Speech on leadership...


This is the speech I delivered for the National Honor Society induction ceremony a few years back. Pardon the length, but I tend to be long-winded – at times.

Thank you, Ms. _____ and members of the National Honor Society for asking me to speak today. A hearty “congratulations” to this year’s inductees on this accomplishment. An accomplishment, mind you, that is by no means the culmination of, or end point for your efforts. No, today marks the beginning of a journey. You have been set on a path that, if walked with care and diligence, will have an impact on the rest of your lives, and the lives of countless others.

In consideration of what has brought you here today – your efforts focused around the four fundamental elements, or pillars of the National Honor Society – Scholarship, Character, Service, and Leadership, you all need to look in the mirror and ask, “Am I ready? Am I prepared? Do I have what it takes to be successful upon this road?” Many people believe so, or you would not be here today. In addition to that, I can let you in on a little secret that will come in handy – quality footwear! That’s right, decent shoes. That is exactly why I want to tell you about -these shoes.

Four and a half years ago, I needed a new suit for an occasion. I hadn’t planned on buying a new pair of shoes – I had adequate shoes. But the salesman did what any good salesman would do, he took advantage of a grieving son whose father had just died. So I ended up with these very shoes – an outward expression of honor – for my dad. S*** Cayou was a titan of a man who embodied the pillars of National Honor Society by being a molder of character, a servant to his community, and a leader of men as a high-ranking Denver Police officer. But today isn’t about my dad; it’s more about these shoes.

Ten months after Dad’s funeral, I had an opportunity to put them on again, to attend the funeral of the man my folks had chosen to serve as my godfather. The ONLY man, out of many who had asked over the years, the ONLY man to ever earn my dad’s recommendation for employment with the police department. This recommendation was based on an intellectual fire, an unshakeable strength of character, and limitless leadership potential. But today isn’t about that man either; it’s really more about these shoes.

Last summer I put these shoes on for the third time, to honor a man who had a tremendous impact on all of us here, much closer to home. To this day, and for many, many more to come, we miss the brilliant mind, the character, the service to our community, and the leadership that Randy Wilson so willingly gave. But, with regret, today isn’t about Mr. Wilson. It comes back, yes, to these shoes, that I had callously and cynically begun to refer to as “my funeral shoes.”
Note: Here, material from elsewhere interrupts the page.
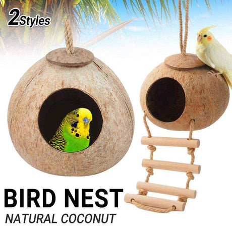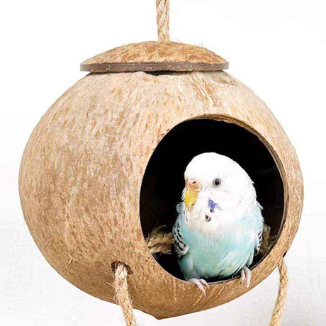 Pet Parrot Nest Wooden Bird House Natural Coconut Shell Feeder
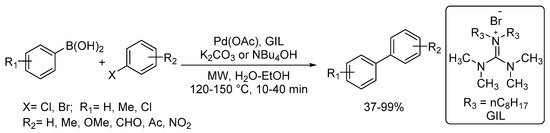 In many cases, the use of ionic liquids as an alternative to conventional polar solvents is advantageous in term of shorter reaction time, complete conversion of staring materials, facile product separation, and high yields [65]. A number of guanidinium ionic liquids (GILs) have been reported to exhibit high catalytic activities and more stabilities of ligand-free metal catalyst under aqueous conditions. A catalyst system generated in situ from Pd(OAc)2, base (K2CO3 or NBu4OH) and GIL in aqueous ethanol was reported to synthesize biaryls in moderate to excellent yields via Suzuki cross-coupling of aryl halides with aryl phenylboronic acid under focused microwave irradiating for 10–40 min in an inert atmosphere (Scheme 26). During the reaction, well-dispersed Pd(0) species is generated in nano-scale and stabilized by guanidinium salt affording Pd micelle/GIL, which is responsible for enhancing the activity. Notably, GILs bearing long alkyl chains have demonstrated superior performance in the catalytic reaction than those with short alkyl substituents [66].

They took on added purpose, however, just this past January when we were visited by Mr. Eric Cahn, the holocaust survivor. I felt honored to be able to meet and speak with and learn from a man who is truly living history. I know we were all touched and impressed by the quiet strength of this man who had endured a childhood and a young adulthood that many of us found hard to imagine. Without a doubt, I was inspired by his service to our community, in the form of bearing witness to the atrocities of Nazi Germany and encouraging us all to never turn a blind eye or deaf ear to prejudice and oppression, no matter the scale or scope on which we encounter it. I was very glad, then, that I had decided to wear the shoes and set them on a much more positive path and began to see them as “my honor shoes.” But once again, we are not necessarily here to pay our respects to these fine individuals who have embraced the National Honor Society pillars. I have seized this opportunity to wear these shoes for only the fifth time to honor this year’s inductees because clearly, today is about – that’s right – these shoes!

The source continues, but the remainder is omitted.